Strong social ties are one of the clearest indicators of long-term wellbeing. That might mean a gaming group, a study partner, a queer support circle, or friends you met online who understand you better than your neighbors do. You do not need a huge network. You only need a few people who care.
Play activates different parts of the brain than stress does. Drawing, cooking, dance breaks, crafting, old-school games, making playlists, sending memes, storytelling, or even doing something mildly ridiculous and silly with a friend can create a temporary shift that helps your mind breathe.
Research continues to show that time outdoors can lower physiological stress responses. You do not need to hike a mountain. Sitting in a park, taking a short walk, or spending time near trees or water can help recalibrate your mood.
Community action, helping a friend, participating in a local cause, or volunteering can give you a sense of direction during chaotic times. When your energy is low, even small acts of care count, and helping others can increase feelings of belonging and improve emotional resilience.
Rest is not laziness. Rest is maintenance. Capitalism tells people that rest must be earned, while real life says your body and brain need time to recharge. Cancel a plan. Log off early. Take a quiet night. You are not disappointing anyone by taking care of yourself. And if they tell you they’re disappointed, then they don’t care about your self-care.
A good snack, a warm shower, a song that you play too loudly, your favorite hoodie, a sunny patch on the floor, your cat rubbing against your legs, a text from someone you like. These little things matter more than people admit. During overwhelming periods, they help remind you that life is not only pressure.
Dating can feel complicated when everything around you is unpredictable. Some people lean into connection, but others pull away. Both responses are understandable! If you're dating casually, give yourself the freedom to decide what you have capacity for. Maybe you want flirtation without commitment. Maybe you want slow and steady intimacy. Maybe you just want someone who brings a spark back into your week. Here are a few reminders (you might want to put these up on your bathroom mirror):
Connection can feel even more meaningful during uncertain times. That does not mean forcing a relationship into existence. It means noticing where you feel safe, where you feel curious, and where you feel seen.

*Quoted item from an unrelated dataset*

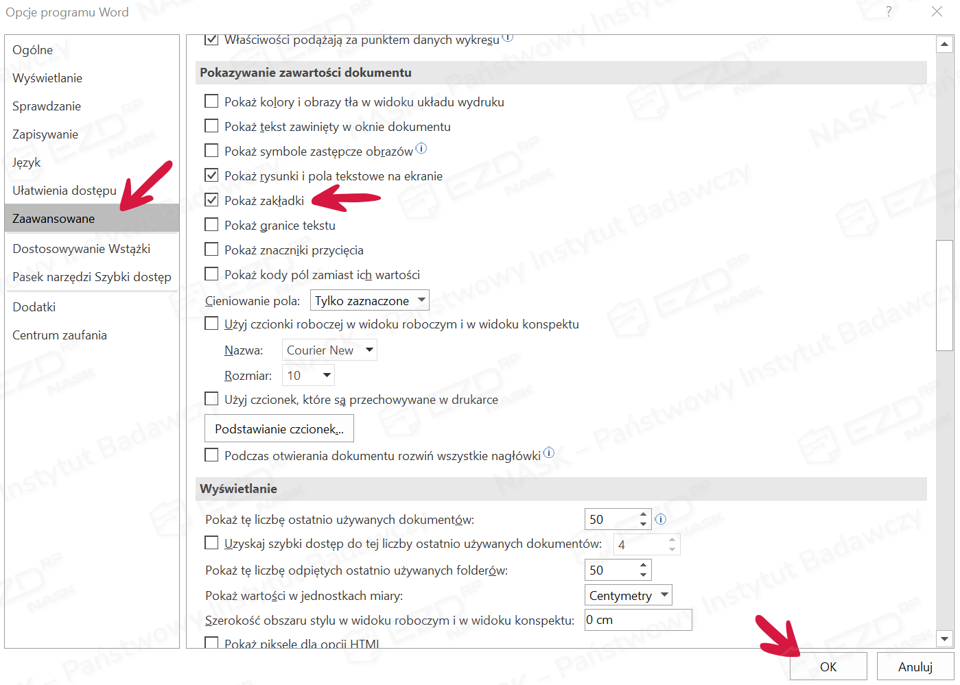 Widoczność zakładek zależy od ustawień w opcjach edytora Word. W celu wyświetlenia zakładek w szablonie dokumentu należy przejść do Plik > Opcje programu Word > Zaawansowane, a następnie do sekcji Pokazywanie zawartości dokumentu i zaznaczyć pole przy opcji Pokaż zakładki.

You take small steps. You invite softness back into your life. You keep what matters close and let the rest drift. You allow yourself to enjoy the pieces of living that do not require perfect circumstances. It might not look like the kind of fun you imagined years ago – it might be quieter, sweeter, stranger, or simpler. It might be something you share with one trustworthy person or with a small circle that holds you up when you wobble.
Joy and pain do not cancel each other out. They can live side by side – this is the part of adulting that no one tells you and that you have to learn the hard way, especially when we’re living in hard times. What matters is that you keep finding ways to let that joy in. Fun can be a survival skill!